§ **Directions for this task**
Would you return, word for word, the lines of the data below from the line with "飛行場の草は丹念に刈られてい" through the line with "ミッション 排気量 |", and no others?

§ **Dataset**

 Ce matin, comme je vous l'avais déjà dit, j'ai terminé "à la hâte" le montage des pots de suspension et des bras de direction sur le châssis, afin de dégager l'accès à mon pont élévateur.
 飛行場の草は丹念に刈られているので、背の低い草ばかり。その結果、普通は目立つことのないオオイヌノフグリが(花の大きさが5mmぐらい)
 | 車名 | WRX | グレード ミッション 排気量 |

* * *

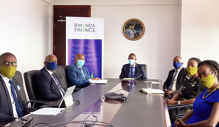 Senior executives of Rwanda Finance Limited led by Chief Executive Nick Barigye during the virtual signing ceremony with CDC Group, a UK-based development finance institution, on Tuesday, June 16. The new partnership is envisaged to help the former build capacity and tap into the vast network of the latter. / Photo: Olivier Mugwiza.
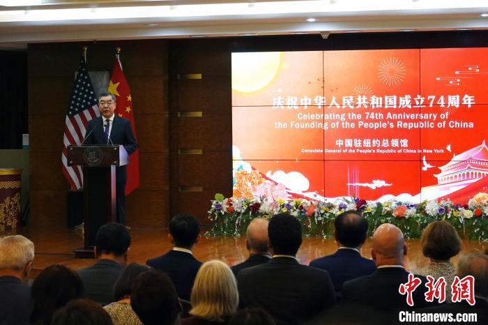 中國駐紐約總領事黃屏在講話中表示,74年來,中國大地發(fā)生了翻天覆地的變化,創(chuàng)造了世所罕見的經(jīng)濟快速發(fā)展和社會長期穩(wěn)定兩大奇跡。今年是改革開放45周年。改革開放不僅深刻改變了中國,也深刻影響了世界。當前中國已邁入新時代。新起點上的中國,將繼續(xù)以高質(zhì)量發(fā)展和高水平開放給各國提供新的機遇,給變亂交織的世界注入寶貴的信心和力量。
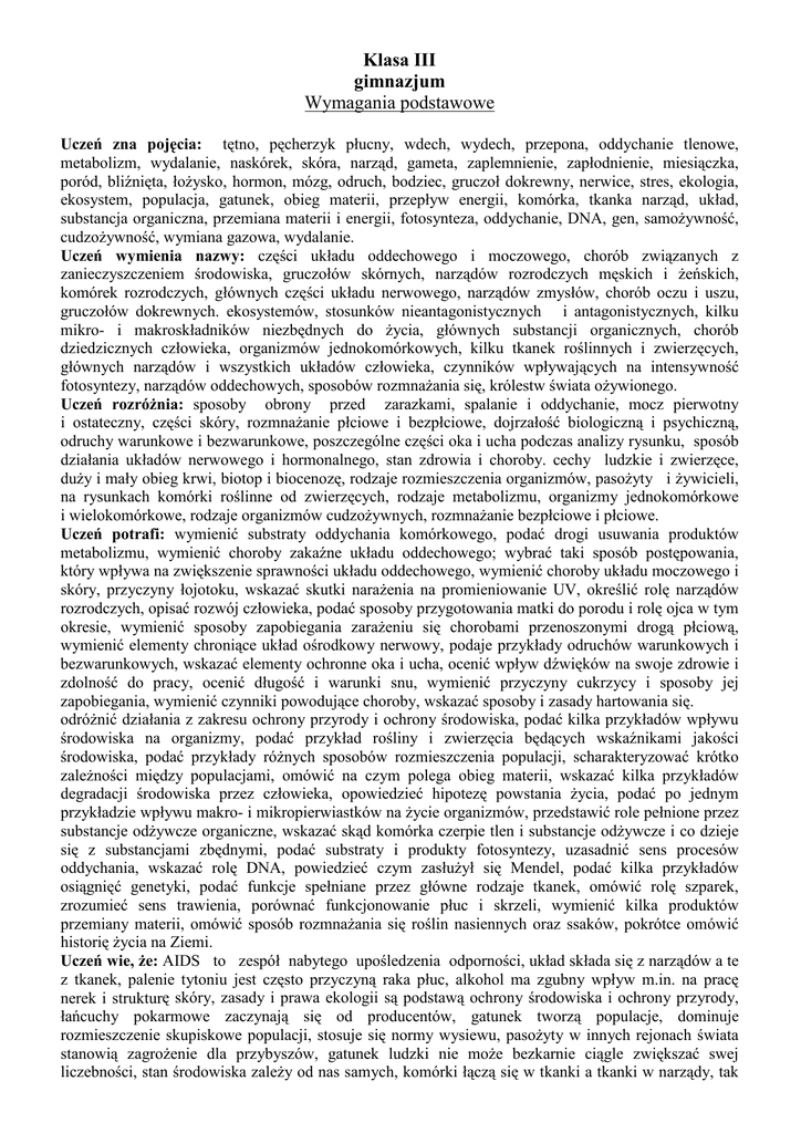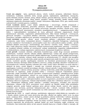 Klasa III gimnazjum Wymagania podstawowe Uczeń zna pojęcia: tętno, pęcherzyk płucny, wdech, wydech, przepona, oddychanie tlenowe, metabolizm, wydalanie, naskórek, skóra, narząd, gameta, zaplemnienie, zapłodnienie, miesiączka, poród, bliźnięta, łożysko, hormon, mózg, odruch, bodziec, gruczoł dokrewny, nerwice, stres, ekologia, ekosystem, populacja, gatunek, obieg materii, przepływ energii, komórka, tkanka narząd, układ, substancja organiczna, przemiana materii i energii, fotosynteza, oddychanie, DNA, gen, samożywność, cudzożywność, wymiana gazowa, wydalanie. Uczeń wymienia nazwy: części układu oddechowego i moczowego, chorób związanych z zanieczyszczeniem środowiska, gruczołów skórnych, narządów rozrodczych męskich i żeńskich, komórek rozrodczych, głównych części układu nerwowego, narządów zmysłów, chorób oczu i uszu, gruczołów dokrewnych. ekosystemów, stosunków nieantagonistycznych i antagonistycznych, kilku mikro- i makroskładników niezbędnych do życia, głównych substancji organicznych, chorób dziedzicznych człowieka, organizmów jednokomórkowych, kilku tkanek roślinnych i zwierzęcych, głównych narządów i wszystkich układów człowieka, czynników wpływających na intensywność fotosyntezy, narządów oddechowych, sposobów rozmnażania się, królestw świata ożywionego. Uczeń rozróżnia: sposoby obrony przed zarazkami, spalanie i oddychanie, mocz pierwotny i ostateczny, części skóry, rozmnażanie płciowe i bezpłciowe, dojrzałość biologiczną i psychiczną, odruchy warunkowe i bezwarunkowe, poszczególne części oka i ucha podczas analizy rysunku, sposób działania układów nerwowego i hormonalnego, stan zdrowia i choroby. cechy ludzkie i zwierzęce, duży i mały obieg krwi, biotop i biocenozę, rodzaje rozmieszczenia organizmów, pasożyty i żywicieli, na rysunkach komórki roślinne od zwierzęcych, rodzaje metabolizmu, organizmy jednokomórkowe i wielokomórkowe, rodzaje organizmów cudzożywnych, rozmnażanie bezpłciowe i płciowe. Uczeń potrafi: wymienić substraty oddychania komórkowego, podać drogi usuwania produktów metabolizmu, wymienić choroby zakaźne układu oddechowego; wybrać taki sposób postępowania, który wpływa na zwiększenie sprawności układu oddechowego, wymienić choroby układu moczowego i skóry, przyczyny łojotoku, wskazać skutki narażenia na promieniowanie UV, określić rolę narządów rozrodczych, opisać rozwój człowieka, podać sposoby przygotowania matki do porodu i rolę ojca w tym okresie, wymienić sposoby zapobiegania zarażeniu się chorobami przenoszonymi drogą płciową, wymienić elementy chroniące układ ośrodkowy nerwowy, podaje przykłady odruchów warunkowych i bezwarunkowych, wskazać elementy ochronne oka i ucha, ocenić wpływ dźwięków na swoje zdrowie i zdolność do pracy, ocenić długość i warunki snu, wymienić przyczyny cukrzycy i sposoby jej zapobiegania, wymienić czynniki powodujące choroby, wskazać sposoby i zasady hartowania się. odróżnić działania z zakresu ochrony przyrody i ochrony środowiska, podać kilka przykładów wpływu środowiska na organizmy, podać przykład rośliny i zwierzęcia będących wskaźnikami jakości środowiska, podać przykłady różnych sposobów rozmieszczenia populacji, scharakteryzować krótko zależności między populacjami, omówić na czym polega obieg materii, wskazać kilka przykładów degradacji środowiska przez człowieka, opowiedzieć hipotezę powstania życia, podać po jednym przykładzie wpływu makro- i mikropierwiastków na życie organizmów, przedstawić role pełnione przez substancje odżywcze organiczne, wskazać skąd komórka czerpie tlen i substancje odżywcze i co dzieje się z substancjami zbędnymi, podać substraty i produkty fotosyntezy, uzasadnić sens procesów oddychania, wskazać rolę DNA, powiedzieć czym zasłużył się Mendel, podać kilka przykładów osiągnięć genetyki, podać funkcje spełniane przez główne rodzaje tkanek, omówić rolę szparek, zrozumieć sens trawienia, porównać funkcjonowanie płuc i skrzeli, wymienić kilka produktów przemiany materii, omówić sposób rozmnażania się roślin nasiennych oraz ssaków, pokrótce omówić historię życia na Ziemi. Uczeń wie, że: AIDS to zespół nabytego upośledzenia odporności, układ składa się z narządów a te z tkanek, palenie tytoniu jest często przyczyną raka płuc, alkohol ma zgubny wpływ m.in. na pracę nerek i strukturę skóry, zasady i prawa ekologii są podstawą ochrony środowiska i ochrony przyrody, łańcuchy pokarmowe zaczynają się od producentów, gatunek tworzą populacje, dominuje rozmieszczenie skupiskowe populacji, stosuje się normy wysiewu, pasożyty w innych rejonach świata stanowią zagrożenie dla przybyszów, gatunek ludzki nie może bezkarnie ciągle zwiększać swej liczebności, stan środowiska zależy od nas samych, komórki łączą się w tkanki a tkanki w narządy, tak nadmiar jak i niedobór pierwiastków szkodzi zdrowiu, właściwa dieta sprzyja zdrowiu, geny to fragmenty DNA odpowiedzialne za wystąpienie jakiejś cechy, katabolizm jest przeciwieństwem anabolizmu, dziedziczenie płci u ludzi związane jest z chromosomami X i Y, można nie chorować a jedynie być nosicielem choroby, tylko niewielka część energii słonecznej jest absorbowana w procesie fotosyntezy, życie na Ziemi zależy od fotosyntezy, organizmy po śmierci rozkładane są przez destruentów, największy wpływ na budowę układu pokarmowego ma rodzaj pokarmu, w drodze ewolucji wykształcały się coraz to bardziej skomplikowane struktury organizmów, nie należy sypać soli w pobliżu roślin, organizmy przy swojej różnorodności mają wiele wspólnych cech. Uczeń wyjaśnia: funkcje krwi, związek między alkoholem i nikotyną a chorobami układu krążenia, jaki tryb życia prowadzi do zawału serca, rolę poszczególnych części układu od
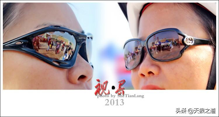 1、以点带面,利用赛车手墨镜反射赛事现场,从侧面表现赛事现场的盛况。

§ **Response box**
 飛行場の草は丹念に刈られているので、背の低い草ばかり。その結果、普通は目立つことのないオオイヌノフグリが(花の大きさが5mmぐらい)
 | 車名 | WRX | グレード ミッション 排気量 |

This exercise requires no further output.